I am now 24 as of the Feb 15th, I still struggle to this day to keep myself going in the right direction, I had finally gotten another job after all this time and been there since Sep 2012, and Now it is becoming more than I can handle. Being unmedicated and unable to even get the slightest help with either of my "illnesses" is getting quite frustrating. I had a very very bad experience the summer before I had gotten my job, I went to the ER with thoughts of suicide and looking for help, I was refused admittance and given information of places which could help me. In pursuit of getting the help I obviously needed I had found nothing but waste of time and money. The places the ER had refereed me to, one hadn't dealt with mental treatment in over 5 years, the others were only job placement agencies. Walking out of that situation with a bill of nearly $2,000 and only wasting my time to get help is when I had to push myself into giving up on seeking the help I need.

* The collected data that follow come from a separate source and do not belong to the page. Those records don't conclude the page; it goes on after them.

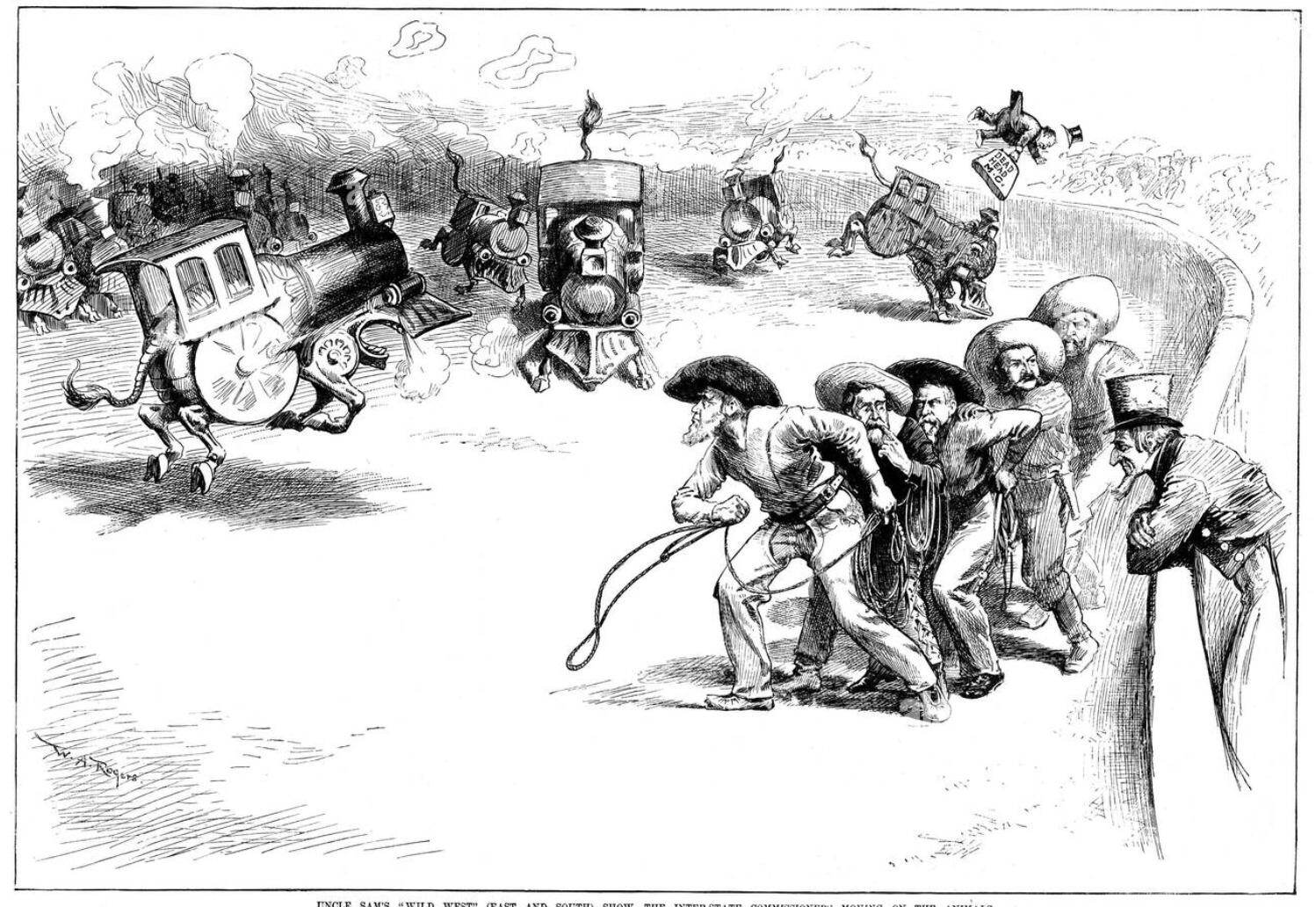 1887 年,美国漫画家 W.A. Rogers 以讽刺画的方式,表现国会通过《州际商业法》、设立“州际商业委员会”(ICC)监管铁路业的场景。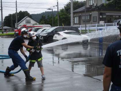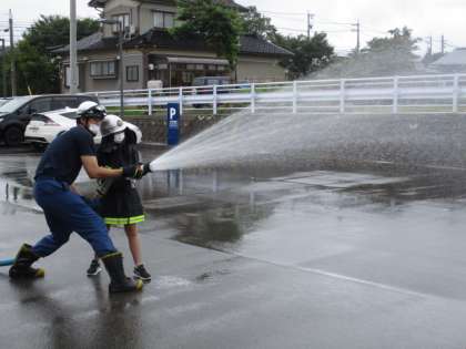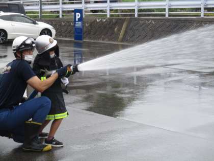 放水体験では実際の防火服に着替えて、放水を行いました。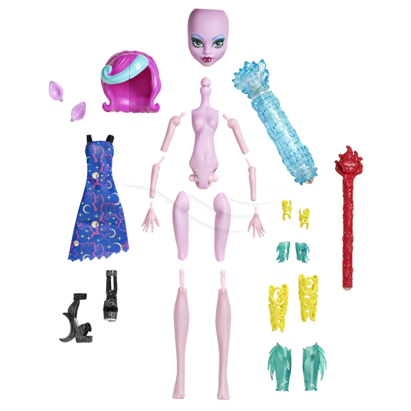 Pakkaus sisältää kaikki kehoon tarvittavat osat (kädet, jalat, kehon, käsivarret, pään, korvat), vaatteita, asusteita, piirtokynän, jääkynän, peruukin. Yli 6-v.
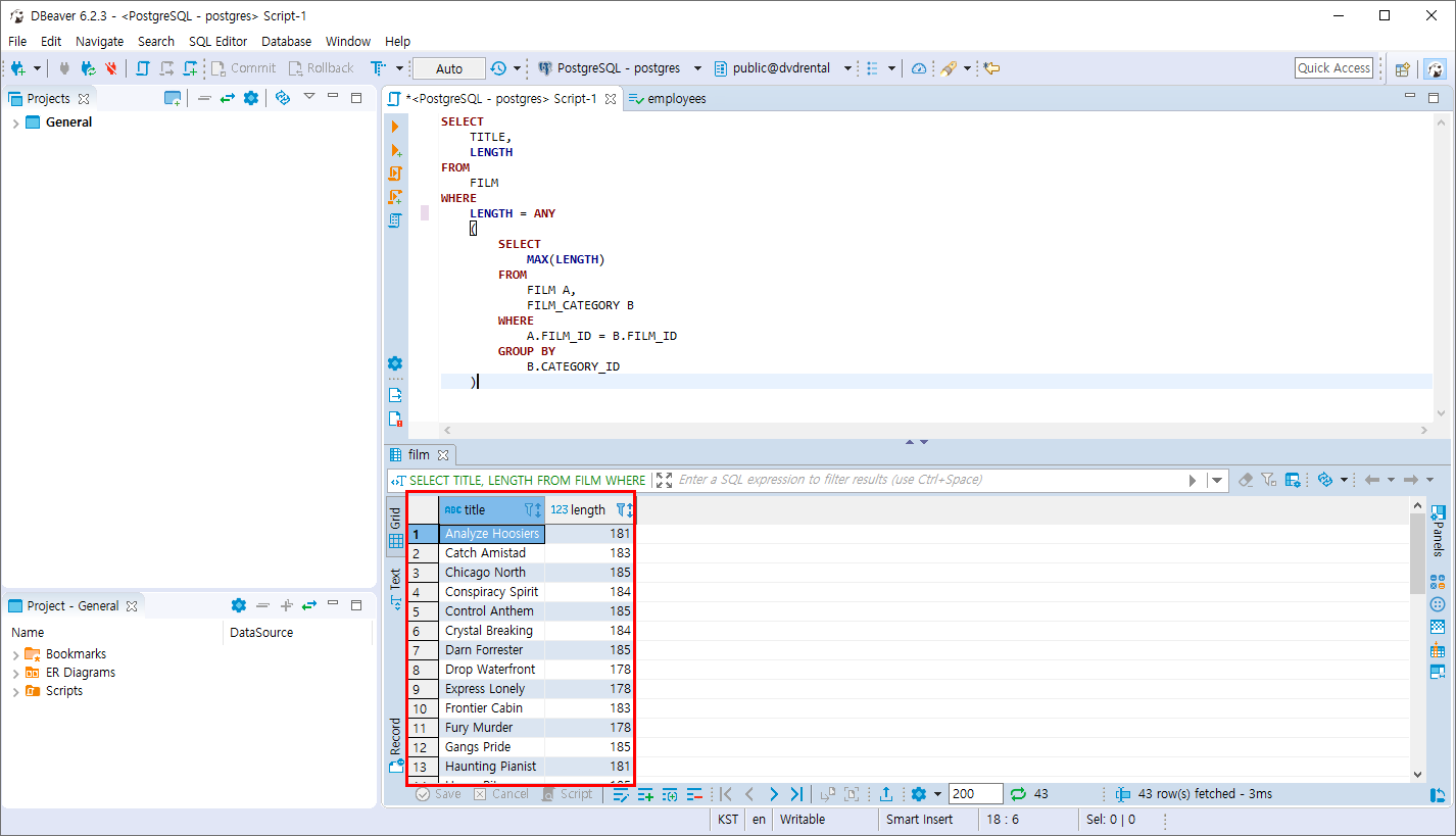 - FILM 테이블의 영화 분류별 상영시간이 가장 긴 영화의 제목 및 상영시간을 조회합니다. 상영시간이 가장 긴 상영 시간을 구합니다.

I work at a gas station operating a cash register, not a day goes by where I get customers being mean to me because I don't smile, say something specific to them, or somehow I am rude to them. I have extreme symptoms of anxiety if someone happens to touch my hands or me in general. I have to immediately go and wash my hands. I had been very hypersensitive and OCD my entire life, but manage to eliminate almost all OCD symptoms from my life. my mother had refused for so many years that I had Aspergers as that was a huge struggle to look past, once I had come to realize my Bipolar tendencies, she would get irritated with me. As she had always refused to believe my older brother was Bipolar after a horrible car accident watching his best friend die, he was diagnosed with bipolar by about 5 Therapists/Psychiatrists. I some times wonder if anyone likes me, It's very depressing, I had almost zero friends in school and gotten into fist fights regularly.
I had also researched your exact question many times in the past, and the symptoms for ADHD, bipolar, and Aspergers all have an overlapping effect. But it is to recognize the symptoms which are not present in the others and work backwards. It has come to my attention i may have something called "Mixed State Bipolar Aspergers" at the time it had freaked me out and actually started crying (which is so insanely rare for me).
I apologize for bumping a thread that is quite old now, but I had felt I needed to reply. Whoops.